→ **Instructions to follow**:
Nothing but the text should be carried over: reproduce all the data exactly and leave out every image.

Data items:
------------------------
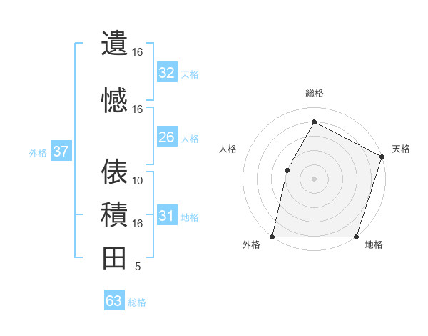 遺憾 俵積田さんの地格は31画の5点!
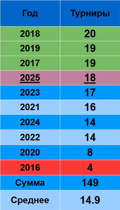В 2019 и 2017 по 19. В 2025 – 18, четвертое место в карьере по числу турниров.
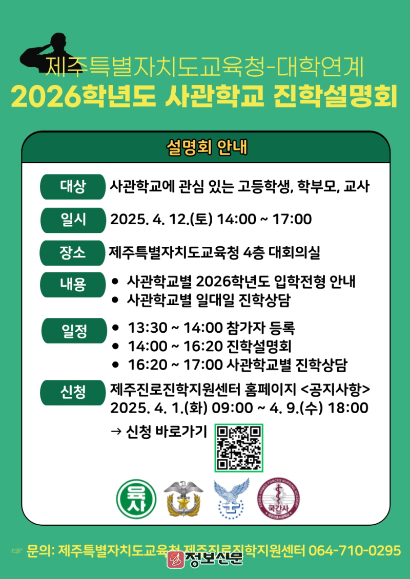 ![]() 제주특별자치도교육청, 사관학교 연계 2026학년도 진학설명회 개최 |
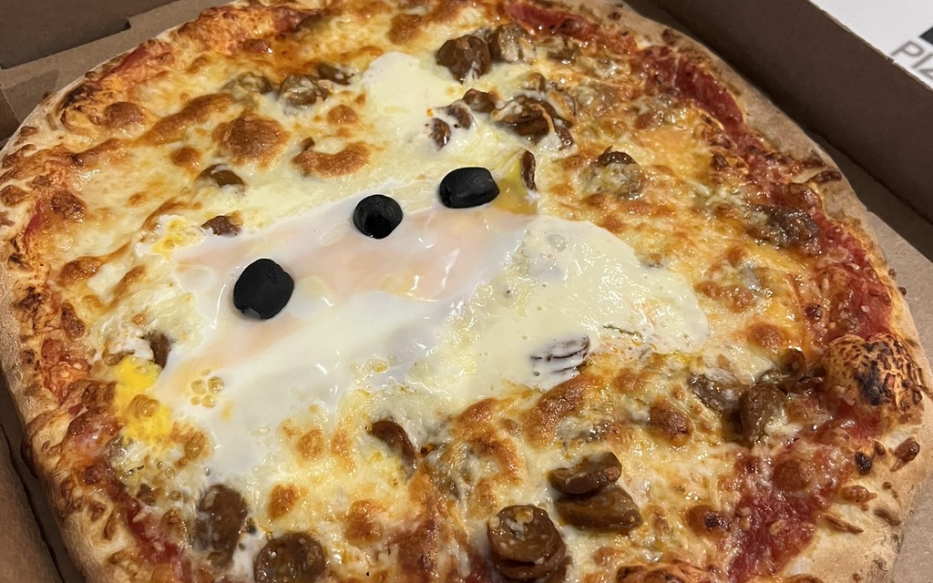 tomate, merguez, crème fraiche, fromage, œuf, olives
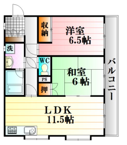 | 築年月 | 1994年10月 | 間取り | 2LDK( LDK11.5畳/洋室6.5畳/和室6畳 ) | 専有面積 | 55.89m2 |
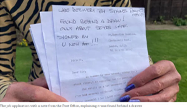 تمكنت امرأة تبلغ من العمر 70 عاماً من لينكولنشاير (المملكة المتحدة)، أخيراً من حل لغز سبب عدم تلقيها الرد بشأن رغبتها في الحصول على وظيفة أحلامها كمتسابقة دراجات نارية في عام 1976، وذلك بعدما تلقت تيزي هودسون، وهي سيدة محبة للمغامرات، خطاب طلب الوظيفة الأصلي الخاص بها، بعد 48 عاماً من وضعه خلف درج مكتب البريد.
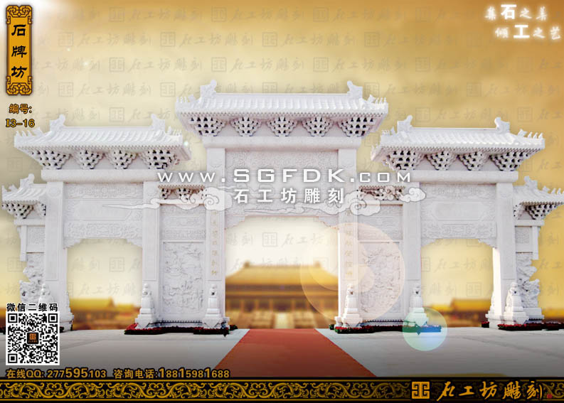 石工坊雕刻工廠其它石牌坊:【單門石牌坊】 【立柱式牌坊】 【頂蓋式牌樓】 【大型石牌坊】
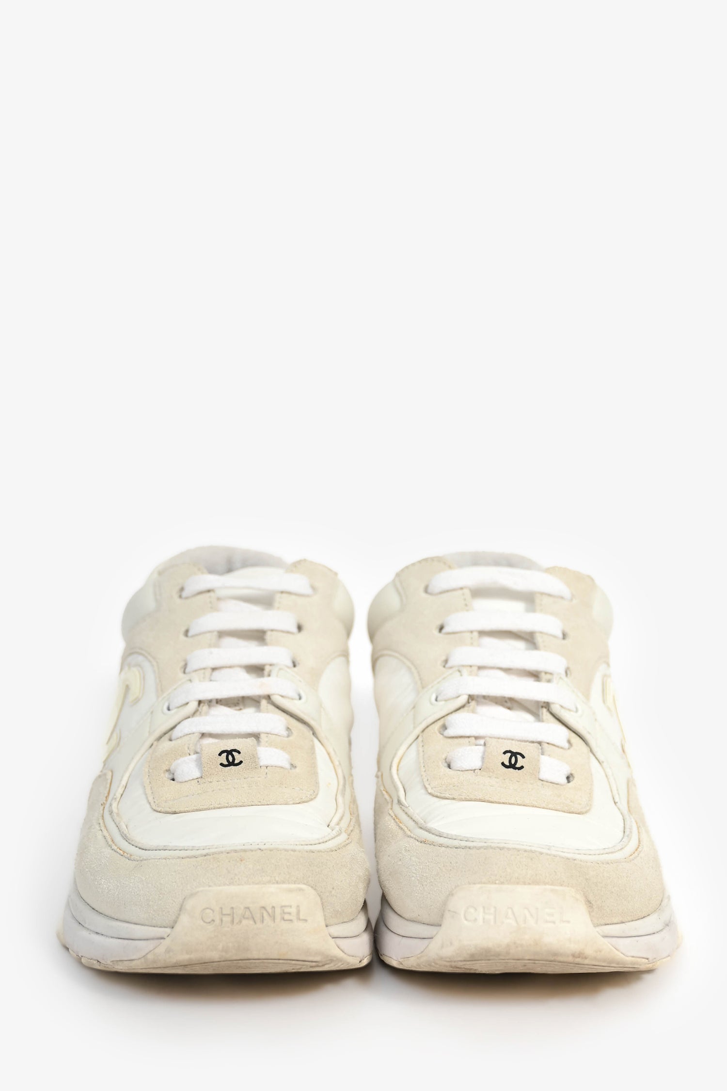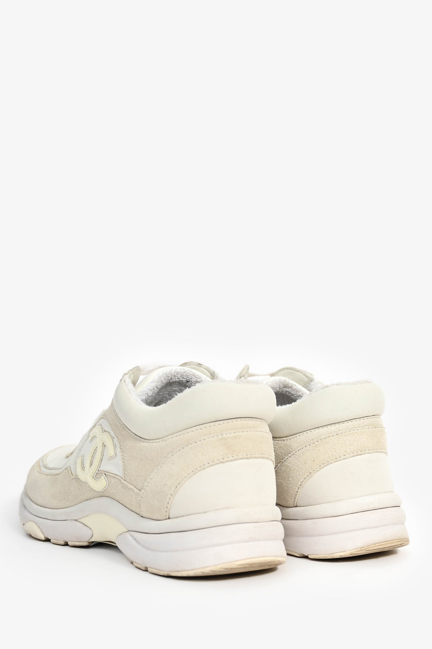 Pre-Loved Chanel™ White Suede/ Leather CC Sneakers (As Is)
------------------------
→ **Expected answer**:
 遺憾 俵積田さんの地格は31画の5点!
В 2019 и 2017 по 19. В 2025 – 18, четвертое место в карьере по числу турниров.
 ![]() 제주특별자치도교육청, 사관학교 연계 2026학년도 진학설명회 개최 |
 tomate, merguez, crème fraiche, fromage, œuf, olives
 | 築年月 | 1994年10月 | 間取り | 2LDK( LDK11.5畳/洋室6.5畳/和室6畳 ) | 専有面積 | 55.89m2 |
 تمكنت امرأة تبلغ من العمر 70 عاماً من لينكولنشاير (المملكة المتحدة)، أخيراً من حل لغز سبب عدم تلقيها الرد بشأن رغبتها في الحصول على وظيفة أحلامها كمتسابقة دراجات نارية في عام 1976، وذلك بعدما تلقت تيزي هودسون، وهي سيدة محبة للمغامرات، خطاب طلب الوظيفة الأصلي الخاص بها، بعد 48 عاماً من وضعه خلف درج مكتب البريد.
 石工坊雕刻工廠其它石牌坊:【單門石牌坊】 【立柱式牌坊】 【頂蓋式牌樓】 【大型石牌坊】
 Pre-Loved Chanel™ White Suede/ Leather CC Sneakers (As Is)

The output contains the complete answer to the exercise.